What we don’t see often enough are talented filmmakers working outside the mainstream and telling intimate stories that span multiple films. Filmmakers like the brilliant Joanna Hogg, who crafted her semi-autobiographical drama Memory like a work in two parts.

I was a big fan of the first Memory, who introduced us to Hogg’s young alter ego, Julie Harte, a London film student played by splendid newcomer Honor Swinton Byrne. Set in the mid-1980s, it told the piercing tale of Julie’s tumultuous romance with Anthony, an older man who seduced her with his libertine charm and eventually died of a heroin addiction he tempted her. to hide.

Like the marvelous The Remembrance Part II opens, the wound from Anthony’s death is still raw. We see Julie crying at home with her parents, who don’t always know the right words to say, but still a deep source of love and comfort – especially her mother, played once again with grace. wonderful by Swinton Byrne’s famous real-life mom, Tilda Swinton.

A lot of The Remembrance Part II focuses on Julie’s decision to make some sort of cinematic memorial to Anthony as her thesis film. It’s an emotionally wrenching process, as Julie struggles to understand her vision and articulate it to her eager cast and crew.

But as Hogg makes clear, making a movie is hard enough even when you’re not tapping your own personal tragedy for material. It plunges us into the daily headaches of low-budget cinema: the script changes, the continuity errors, the tantrums on the set. I could have watched another full hour of these scenes, which make for a terrific behind-the-scenes comedy: while The Remembrance Part II is a sadder movie than its predecessor, it’s also, in some ways, a lighter movie. The funniest character is Patrick, Julie’s cocky and ambitious classmate, played by great performer and filmmaker Richard Ayoade.

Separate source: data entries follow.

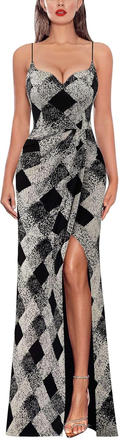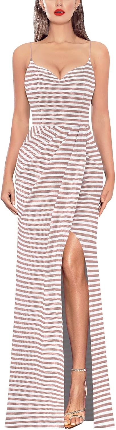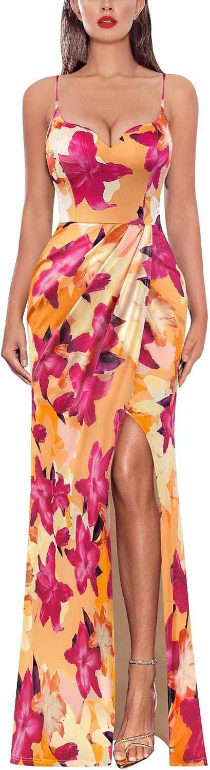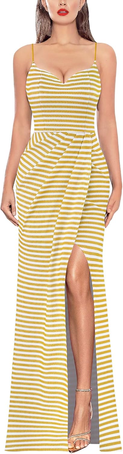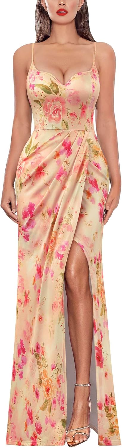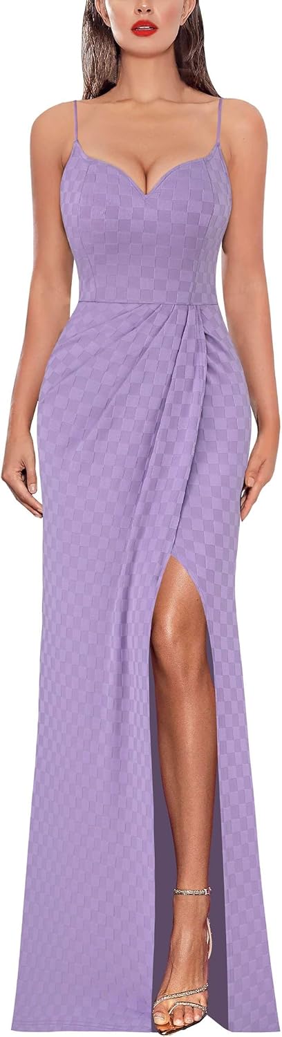 VFSHOW Womens Sexy Formal Ruched Fitted High Slit Bodycon Maxi Dress Spaghetti Strap Sweetheart Cocktail Prom Evening Gown
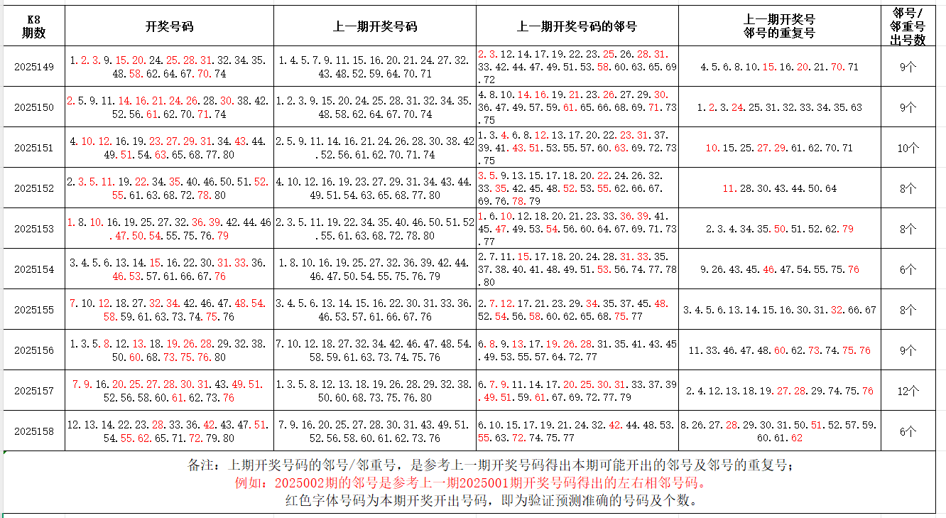 特别提示:有虹友留言,关于邻号和邻重号的数据统计,在此再次赘述:邻号,是指上期开奖号码的左右相邻号码;其中重复出现的邻号,即为邻重号。一定要区分,邻重号不是上期开奖号码的重号,是邻号里的重号。可能新关注的粉丝,还不适应这种统计方法。熟能生巧,无它。统计方法不同,得到的数据结果不同。个人分析,仅供参考。
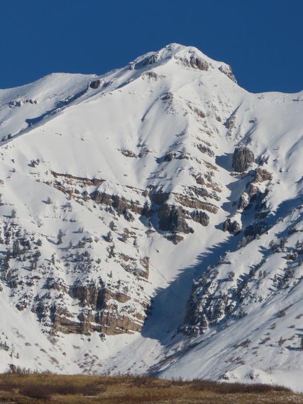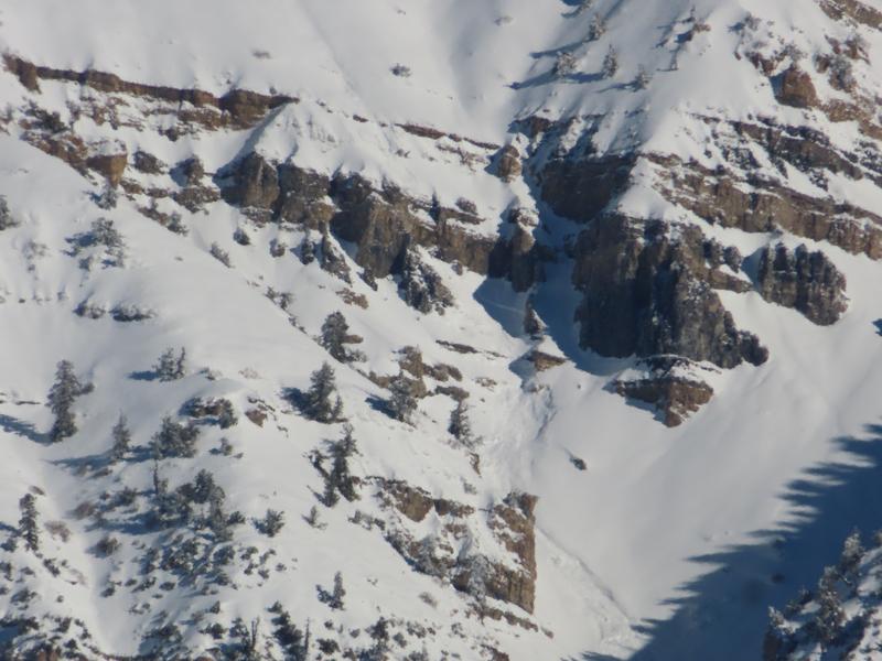 Released lower in slope below rock bands. Upper slope failed to avalanche during the storm.
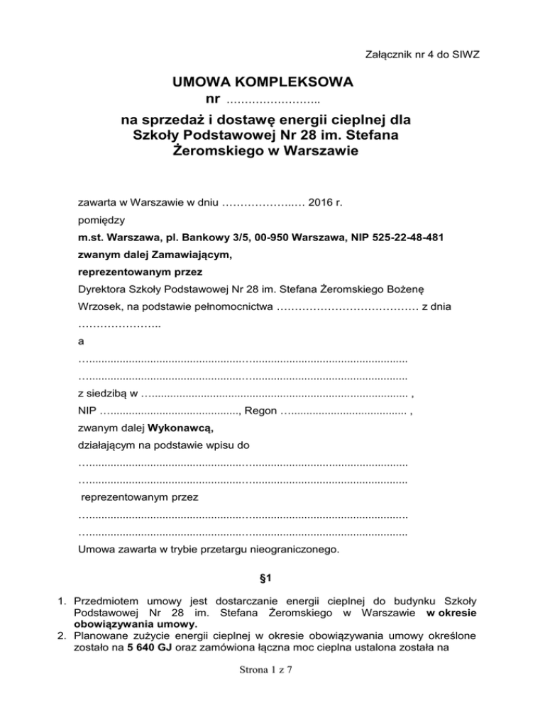 Załącznik nr 4 do SIWZ UMOWA KOMPLEKSOWA nr …………………….. na sprzedaż i dostawę energii cieplnej dla Szkoły Podstawowej Nr 28 im. Stefana Żeromskiego w Warszawie zawarta w Warszawie w dniu ………………..… 2016 r. pomiędzy m.st. Warszawa, pl. Bankowy 3/5, 00-950 Warszawa, NIP 525-22-48-481 zwanym dalej Zamawiającym, reprezentowanym przez Dyrektora Szkoły Podstawowej Nr 28 im. Stefana Żeromskiego Bożenę Wrzosek, na podstawie pełnomocnictwa ………………………………… z dnia ………………….. a …..................................................…................................................... …..................................................…................................................... z siedzibą w ….................................................................................... , NIP ….........................................., Regon …...................................... , zwanym dalej Wykonawcą, działającym na podstawie wpisu do …..................................................…................................................... …..................................................…................................................... reprezentowanym przez …..................................................…................................................... …..................................................…................................................... Umowa zawarta w trybie przetargu nieograniczonego. §1 1. Przedmiotem umowy jest dostarczanie energii cieplnej do budynku Szkoły Podstawowej Nr 28 im. Stefana Żeromskiego w Warszawie w okresie obowiązywania umowy. 2. Planowane zużycie energii cieplnej w okresie obowiązywania umowy określone zostało na 5 640 GJ oraz zamówiona łączna moc cieplna ustalona została na Strona 1 z 7 0,3528 MW. W przypadku skorzystania przez Zamawiającego z prawa opcji planowane zużycie energii cieplnej zwiększone zostanie o 1 600 GJ. 3. Ilość planowanego zużycia ciepła określona w ust. 2 ma charakter szacunkowy i nie stanowi ze strony Zamawiającego zobowiązania do zakupu. Wykonawcy nie będzie przysługiwało jakiekolwiek roszczenie z tytułu nie pobrania przez Zamawiającego przewidywanej ilości energii, poza rozliczeniem należności za faktycznie zużytą ilość energii, wg cen określonych przez Wykonawcę w niniejszej umowie. 4. Ciepło będzie dostarczane za pośrednictwem nośnika ciepła – gorącej wody, przy pomocy sieci ciepłowniczej należącej do dystrybutora sieci. Wykonawca niebędący dystrybutorem sieci oświadcza ponadto, że zawarł umowę z dystrybutorem sieci, w ramach której dystrybutor zapewnia Wykonawcy świadczenie usług dystrybucji na rzecz Zamawiającego. Temperatura wody zostanie ustalona w tabeli regulacyjnej wody sieciowej, a zmiana wartości zawartych w tabeli nie będzie stanowiła zmiany umowy. §2 Umowa kompleksowa dostarczania ciepła zostanie zawarta na czas określony: od 01.01.2017r. do 31.12.2019r. lub wcześniejszego wyczerpania środków finansowych określonych w umowie określonych w par. 3 ust. 3, wynikających z budżetu zamawiającego przeznaczonych na ten cel. §3 1. Ustalenie wysokości wynagrodzenia należnego Wykonawcy z tytułu dostarczania energii cieplnej dokonywane będzie odpowiednio według cen, stawek opłat oraz zasad rozliczeń określonych w aktualnej Taryfie dla grupy taryfowej o symbolu ..…………. (podanej w ofercie Wykonawcy) w okresach miesięcznych. 2. W przypadku zmiany cen, stawek opłat i zasad ich stosowania, zatwierdzonych przez Prezesa Urzędu Regulacji Energetyki w taryfie wskazanej w par. 3 ust. 1 Wykonawca powiadomi pisemnie Zamawiającego. Zmiana taka nie wymaga formy aneksu. 3. Zaoferowana cena brutto za zamówienie podstawowe stanowić będzie maksymalną wartość wynagrodzenia wykonawcy z tytułu umowy, po wyczerpaniu której umowa wygasa i wynosi …………………………….. zł brutto, chyba że Zamawiający skorzysta z prawa opcji; w takim przypadku umowa wygasa po wyczerpaniu łącznej ceny brutto za zamówienie podstawowe i objęte prawem opcji i wynosi ……………………………………………… zł brutto. 4. Zapłata będzie dokonana przelewem bankowym na konto wskazane przez Wykonawcę na fakturze, w terminie 21 dni od daty wystawienia faktury VAT, jednak nie krótszym niż 7 dni od daty dostarczenia Zamawiającemu prawidłowo wystawionej faktury. 5. Za datę dokonania zapłaty Strony uznają datę obciążenia rachunku Zamawiającego. 6. Wystawiane przez Wykonawcę faktury powinny wskazywać jako podatnika – nabywcę Miasto Stołeczne Warszawa, Pl. Bankowy 3/5, 00-950 Warszawa, NIP 525-22-48-481, a jako odbiorcę i płatnika Szkołę Podstawową nr 28 im. Stefana Żeromskiego w Warszawie. 7. Faktury dostarczane powinny być na adres:ul. Gościeradowska 18/20, 03-535 Warszawa. Strona 2 z 7 §4 1. W ramach umowy Wykonawca zobowiązany będzie w szczególności do: 1) przesyłania, dystrybucji i sprzedaży ciepła Zamawiającemu; 2) dotrzymywania parametrów jakościowych nośnika ciepła oraz i standardów jakościowych obsługi odbiorców, co najmniej odpowiadających parametrom i standardom wskazanym w rozporządzeniu Ministra Gospodarki z dnia 15 stycznia 2007 r. w sprawie szczegółowych warunków funkcjonowania systemów ciepłowniczych (Dz. U. Nr 16, poz. 92); 3) umożliwienia Zamawiającemu dostępu do układu pomiaroworozliczeniowego oraz kontroli prawidłowości wskazań tego układu. 4) zapewnienia standardów jakościowych obsługi odbiorców, w szczególności: a. przyjmowania zgłoszeń i reklamacji Zamawiającego, b. nieodpłatnego udzielania informacji w sprawie rozliczeń oraz aktualnej taryfy; c. rozpatrywania wniosków lub reklamacji Zamawiającego w sprawie rozliczeń i udzielania odpowiedzi nie później niż w terminie 14 dni od dnia złożenia wniosku lub zgłoszenia reklamacji. 2. Wykonawca będz

You can guess Julie’s story ends on an upbeat note, as in real life, Hogg has directed acclaimed music videos, TV series, and several feature films that have brought her to this point in her career. But at some point you’re never quite sure where The Remembrance Part II Is ruled. Sounds fitting: it’s a film about the difficulties of dealing with loss and making art, and how there is no clear or easy way to go about it.

Swinton Byrne quietly bares the many layers of Julie’s grief and trauma: her loneliness, her desire for privacy and, finally, her determination to honor her lost love in the only way she knows.

I won’t say too much about the outcome of Julie’s film, except to note that Hogg has put together some movie vanity into a pretty wild movie that takes this drama to a new level of meta-invention. Hogg also finds a way to honor one of his early mentors, the great British experimental filmmaker Derek Jarman, who incidentally also often worked with Tilda Swinton.

Maybe it all sounds a little selfish, but The Remembrance Part II never feels cramped or solipsistic. It is a wonderfully generous film, with a sardonic tone but rich in discreet emotions. Hogg views her young self both critically and lovingly, and she shows instinctive fairness to all of her characters.

She is also extremely attentive to their appearance, speech and presentation: rather than exaggerating the big ’80s hair and obvious needle drop, aside from an exhilarating use of Eurythmics, she channels the contemporary ambience with exquisite subtlety.

The first one Memory didn’t draw huge crowds, and the audience for a sequel may turn out to be even smaller. But if you missed the first one, there’s no better time to stream it, in preparation for this wonderful follow-up. Together, they form something intensely personal and close to perfection – which isn’t to say I wouldn’t mind if Hogg decided to revisit these characters in the future.